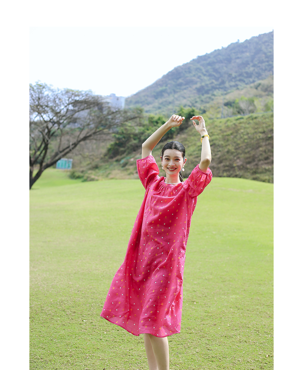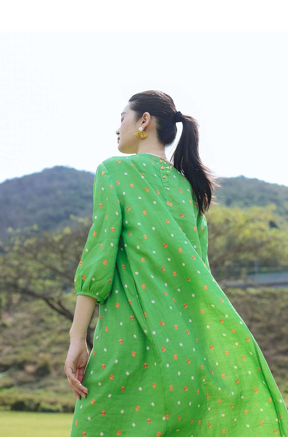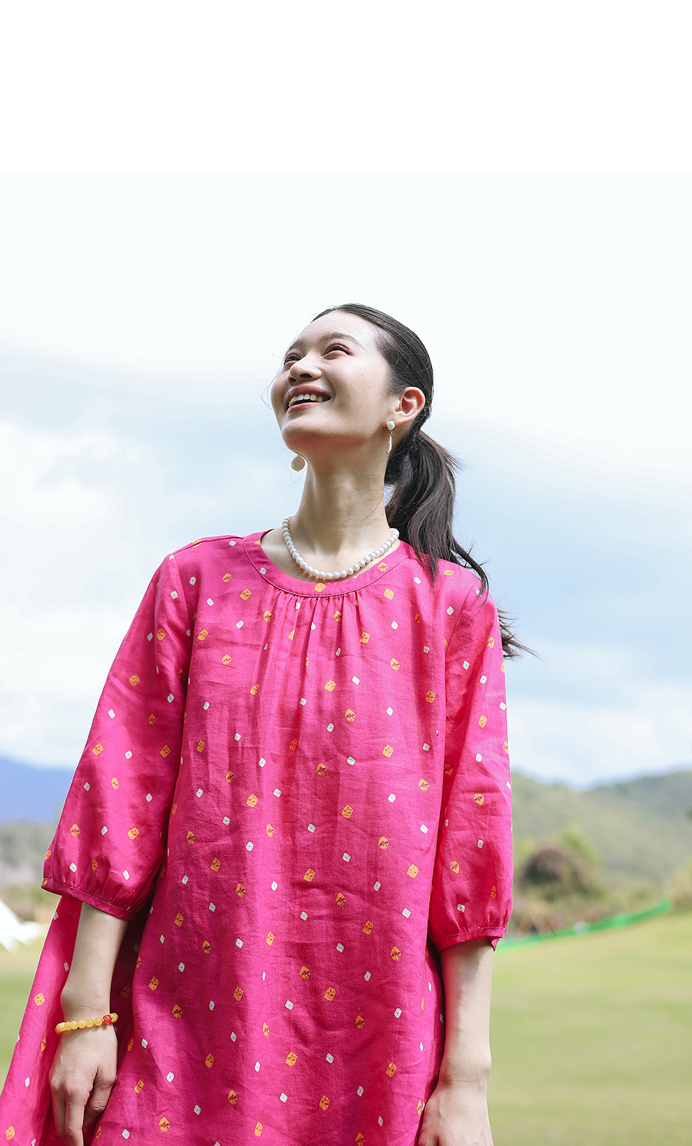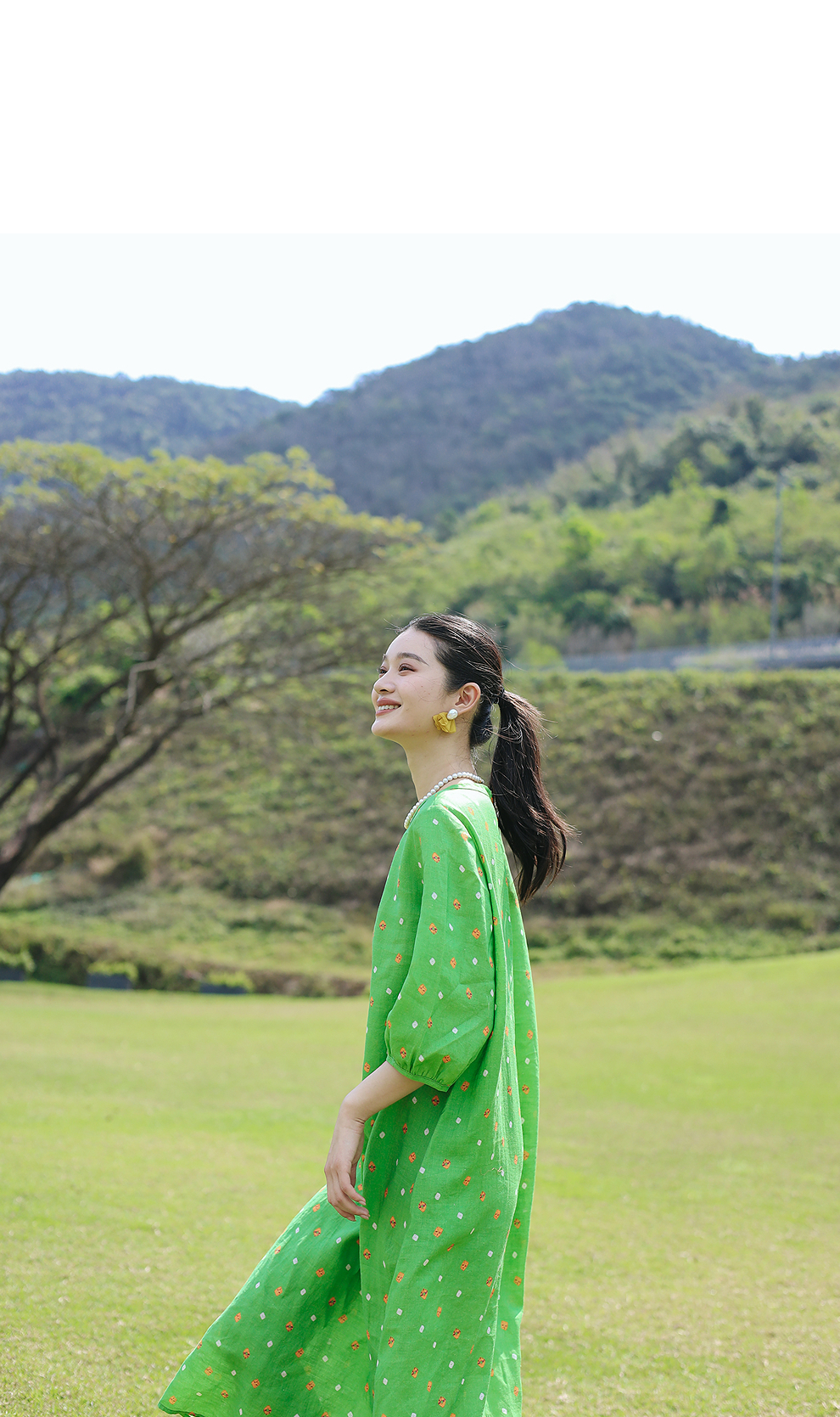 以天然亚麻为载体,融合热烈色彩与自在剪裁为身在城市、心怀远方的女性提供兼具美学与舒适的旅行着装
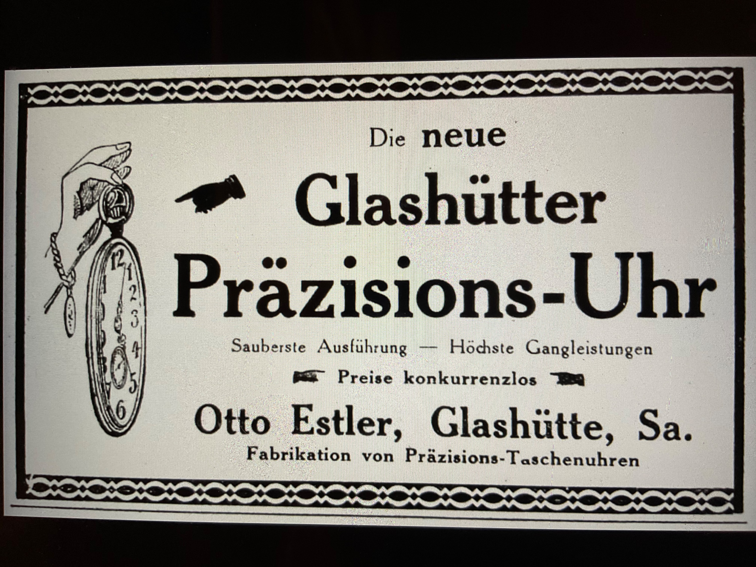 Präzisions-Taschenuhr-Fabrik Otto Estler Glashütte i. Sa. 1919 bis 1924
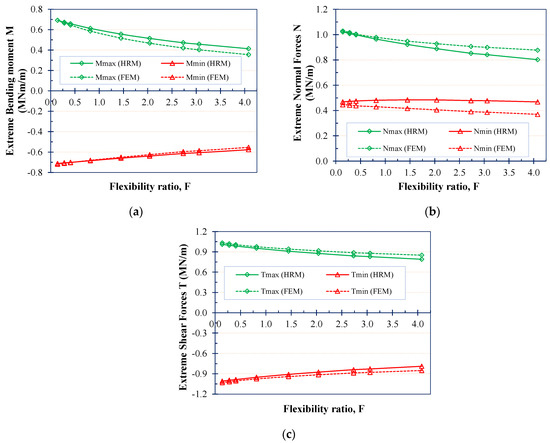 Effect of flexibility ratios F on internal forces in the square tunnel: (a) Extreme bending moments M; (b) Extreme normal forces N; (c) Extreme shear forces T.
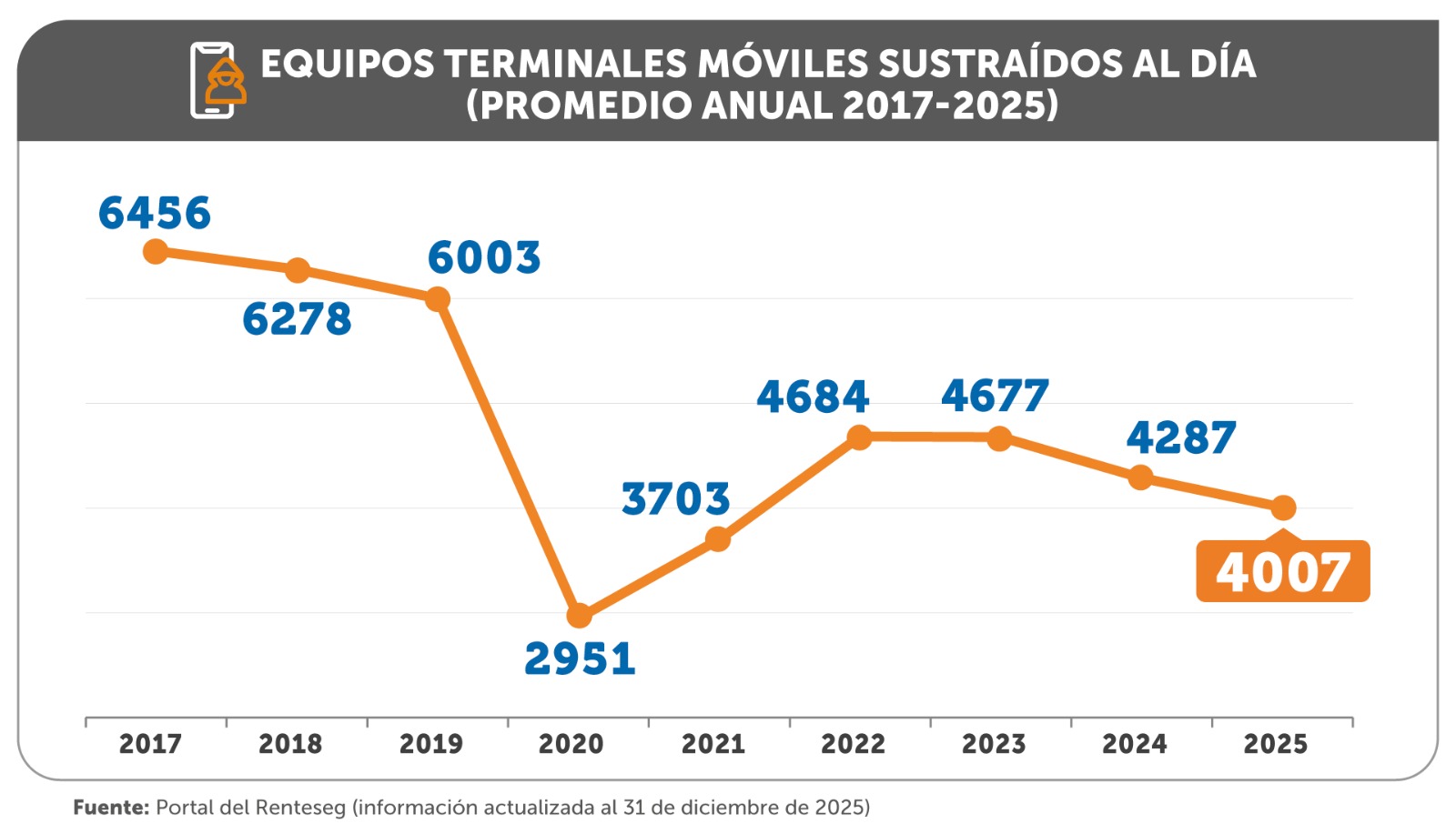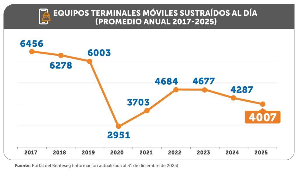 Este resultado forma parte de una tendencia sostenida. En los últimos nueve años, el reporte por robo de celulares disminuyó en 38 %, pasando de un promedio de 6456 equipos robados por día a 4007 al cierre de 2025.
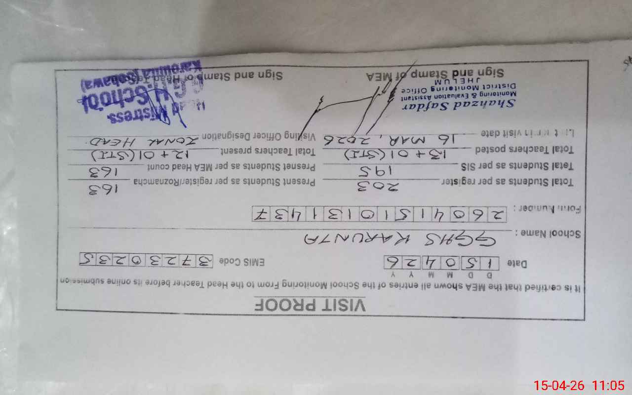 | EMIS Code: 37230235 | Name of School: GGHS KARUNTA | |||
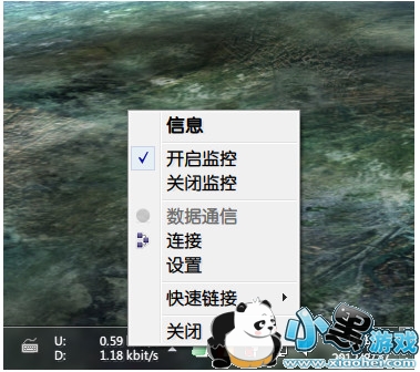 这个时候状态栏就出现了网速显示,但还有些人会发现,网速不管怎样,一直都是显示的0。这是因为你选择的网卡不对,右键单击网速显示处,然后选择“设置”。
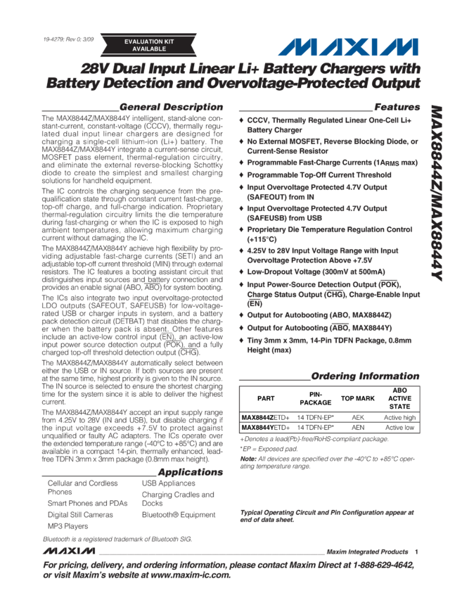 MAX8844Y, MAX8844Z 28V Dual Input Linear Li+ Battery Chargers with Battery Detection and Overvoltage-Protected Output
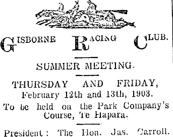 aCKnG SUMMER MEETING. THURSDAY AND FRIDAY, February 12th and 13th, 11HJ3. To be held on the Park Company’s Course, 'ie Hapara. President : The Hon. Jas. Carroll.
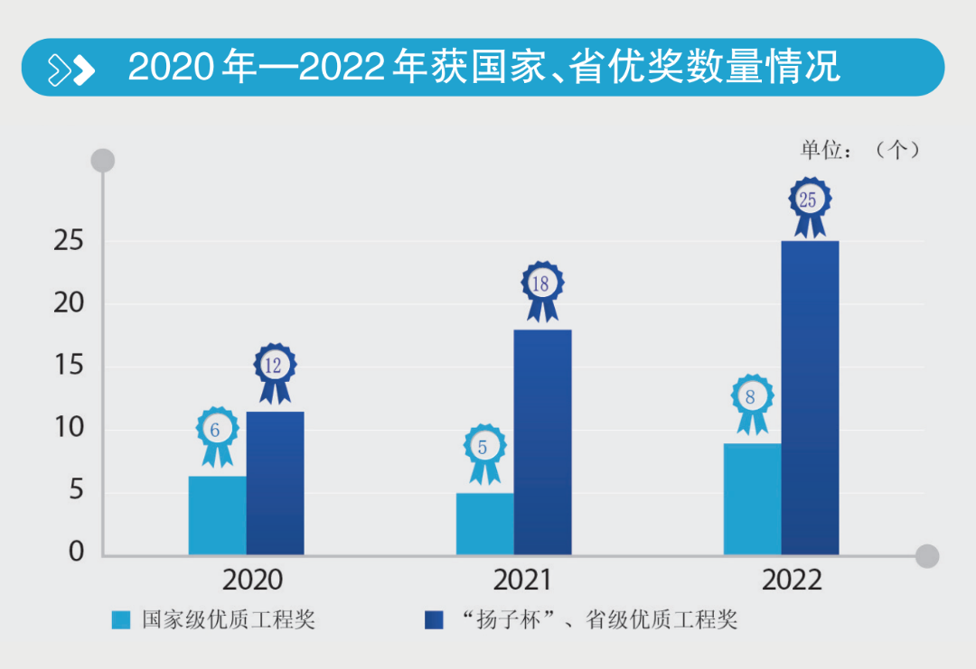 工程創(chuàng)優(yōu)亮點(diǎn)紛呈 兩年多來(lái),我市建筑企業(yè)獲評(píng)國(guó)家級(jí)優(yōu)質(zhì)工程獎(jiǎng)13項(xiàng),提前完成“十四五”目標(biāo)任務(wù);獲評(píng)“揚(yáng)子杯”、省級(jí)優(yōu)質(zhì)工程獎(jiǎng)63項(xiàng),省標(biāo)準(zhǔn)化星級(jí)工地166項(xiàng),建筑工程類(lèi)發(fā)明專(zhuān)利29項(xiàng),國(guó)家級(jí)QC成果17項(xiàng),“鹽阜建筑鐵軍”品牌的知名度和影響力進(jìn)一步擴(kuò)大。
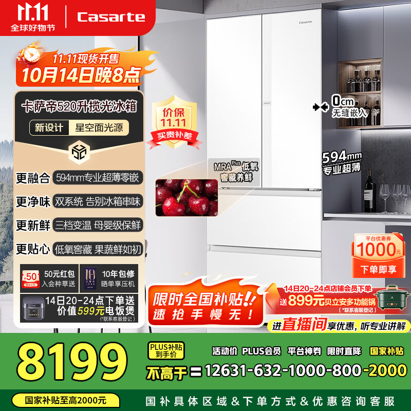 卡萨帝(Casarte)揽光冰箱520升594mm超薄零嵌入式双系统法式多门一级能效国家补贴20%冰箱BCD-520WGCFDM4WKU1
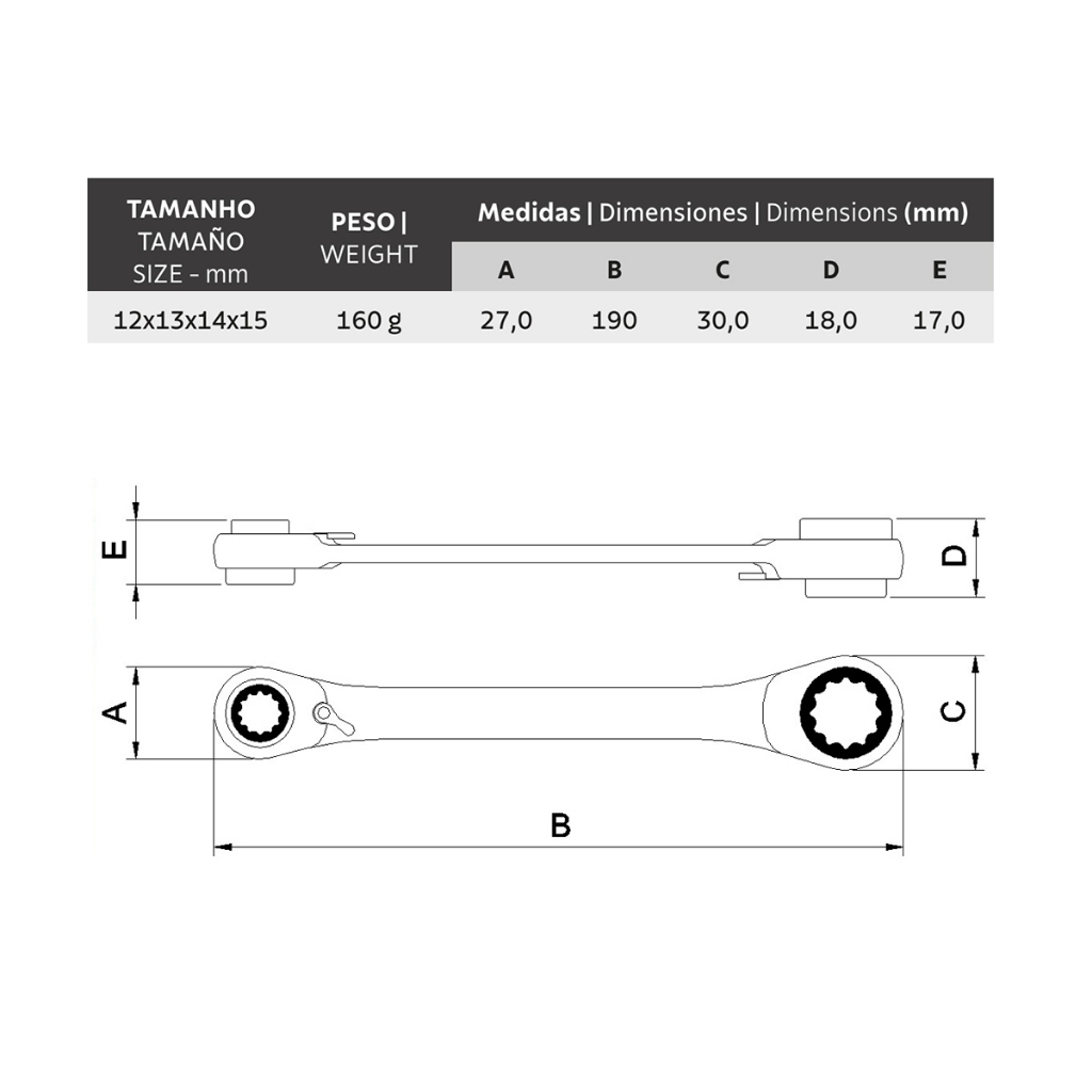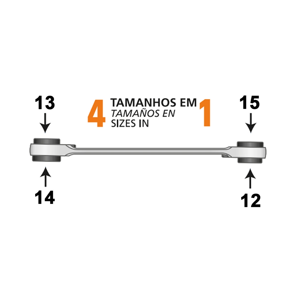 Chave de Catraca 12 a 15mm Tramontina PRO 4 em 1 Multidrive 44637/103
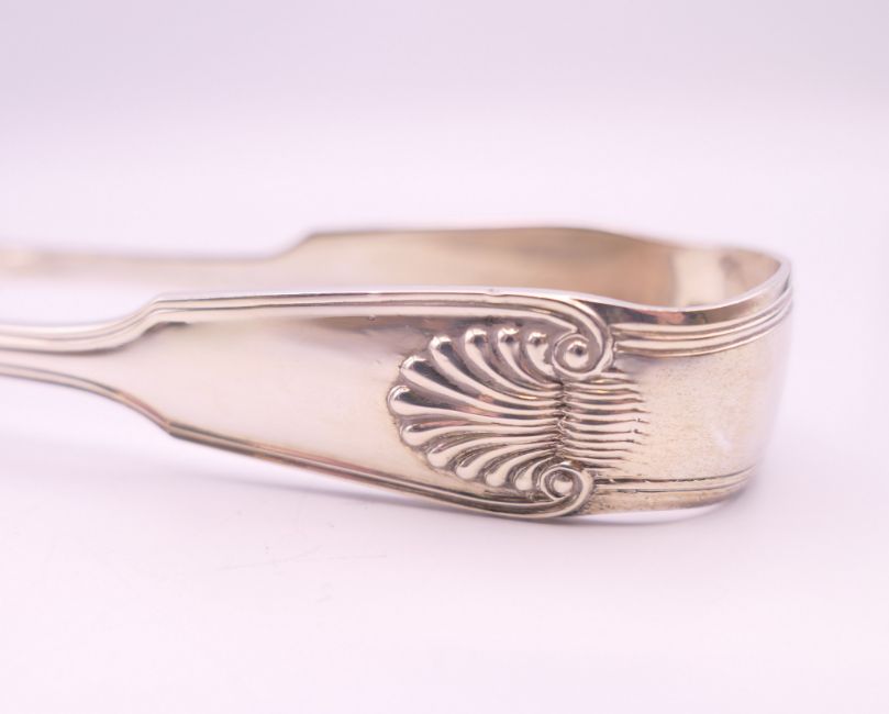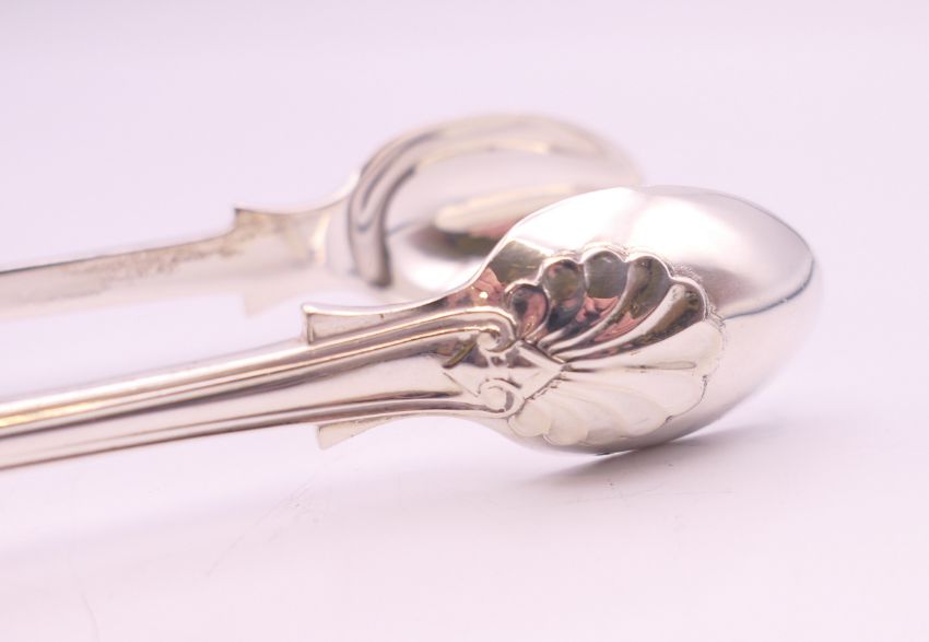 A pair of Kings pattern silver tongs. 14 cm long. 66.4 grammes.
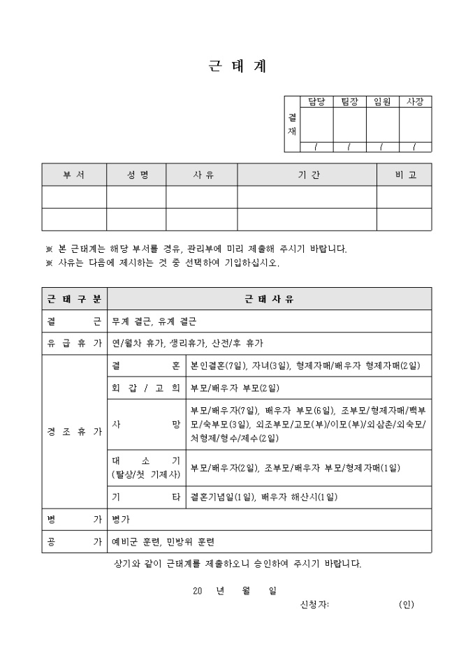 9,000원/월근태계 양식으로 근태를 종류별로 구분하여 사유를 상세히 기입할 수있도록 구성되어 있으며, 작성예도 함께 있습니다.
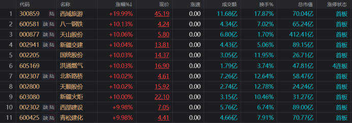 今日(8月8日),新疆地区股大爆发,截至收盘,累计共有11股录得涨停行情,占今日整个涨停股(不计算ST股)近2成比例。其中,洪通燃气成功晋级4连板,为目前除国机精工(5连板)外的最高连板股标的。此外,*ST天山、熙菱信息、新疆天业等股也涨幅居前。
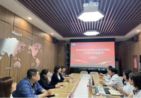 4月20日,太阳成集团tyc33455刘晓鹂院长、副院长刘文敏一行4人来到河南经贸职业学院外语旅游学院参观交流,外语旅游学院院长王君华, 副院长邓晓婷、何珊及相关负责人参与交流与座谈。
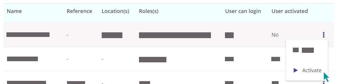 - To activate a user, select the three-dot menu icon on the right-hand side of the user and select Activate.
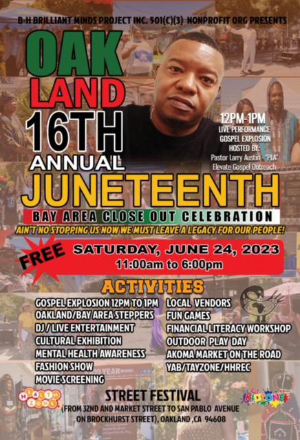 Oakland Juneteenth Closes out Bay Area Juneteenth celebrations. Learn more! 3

::::::::

- TASK PROMPT
Every line of the material is to be quoted exactly, with no pictures carried over.

- WRITTEN ANSWER
 以天然亚麻为载体,融合热烈色彩与自在剪裁为身在城市、心怀远方的女性提供兼具美学与舒适的旅行着装
 Präzisions-Taschenuhr-Fabrik Otto Estler Glashütte i. Sa. 1919 bis 1924
 Effect of flexibility ratios F on internal forces in the square tunnel: (a) Extreme bending moments M; (b) Extreme normal forces N; (c) Extreme shear forces T.
 Este resultado forma parte de una tendencia sostenida. En los últimos nueve años, el reporte por robo de celulares disminuyó en 38 %, pasando de un promedio de 6456 equipos robados por día a 4007 al cierre de 2025.
 | EMIS Code: 37230235 | Name of School: GGHS KARUNTA | |||
 这个时候状态栏就出现了网速显示,但还有些人会发现,网速不管怎样,一直都是显示的0。这是因为你选择的网卡不对,右键单击网速显示处,然后选择“设置”。
 MAX8844Y, MAX8844Z 28V Dual Input Linear Li+ Battery Chargers with Battery Detection and Overvoltage-Protected Output
 aCKnG SUMMER MEETING. THURSDAY AND FRIDAY, February 12th and 13th, 11HJ3. To be held on the Park Company’s Course, 'ie Hapara. President : The Hon. Jas. Carroll.
 工程創(chuàng)優(yōu)亮點(diǎn)紛呈 兩年多來(lái),我市建筑企業(yè)獲評(píng)國(guó)家級(jí)優(yōu)質(zhì)工程獎(jiǎng)13項(xiàng),提前完成“十四五”目標(biāo)任務(wù);獲評(píng)“揚(yáng)子杯”、省級(jí)優(yōu)質(zhì)工程獎(jiǎng)63項(xiàng),省標(biāo)準(zhǔn)化星級(jí)工地166項(xiàng),建筑工程類(lèi)發(fā)明專(zhuān)利29項(xiàng),國(guó)家級(jí)QC成果17項(xiàng),“鹽阜建筑鐵軍”品牌的知名度和影響力進(jìn)一步擴(kuò)大。
 卡萨帝(Casarte)揽光冰箱520升594mm超薄零嵌入式双系统法式多门一级能效国家补贴20%冰箱BCD-520WGCFDM4WKU1
 Chave de Catraca 12 a 15mm Tramontina PRO 4 em 1 Multidrive 44637/103
 A pair of Kings pattern silver tongs. 14 cm long. 66.4 grammes.
 9,000원/월근태계 양식으로 근태를 종류별로 구분하여 사유를 상세히 기입할 수있도록 구성되어 있으며, 작성예도 함께 있습니다.
 今日(8月8日),新疆地区股大爆发,截至收盘,累计共有11股录得涨停行情,占今日整个涨停股(不计算ST股)近2成比例。其中,洪通燃气成功晋级4连板,为目前除国机精工(5连板)外的最高连板股标的。此外,*ST天山、熙菱信息、新疆天业等股也涨幅居前。
 4月20日,太阳成集团tyc33455刘晓鹂院长、副院长刘文敏一行4人来到河南经贸职业学院外语旅游学院参观交流,外语旅游学院院长王君华, 副院长邓晓婷、何珊及相关负责人参与交流与座谈。
 - To activate a user, select the three-dot menu icon on the right-hand side of the user and select Activate.
 Oakland Juneteenth Closes out Bay Area Juneteenth celebrations. Learn more! 3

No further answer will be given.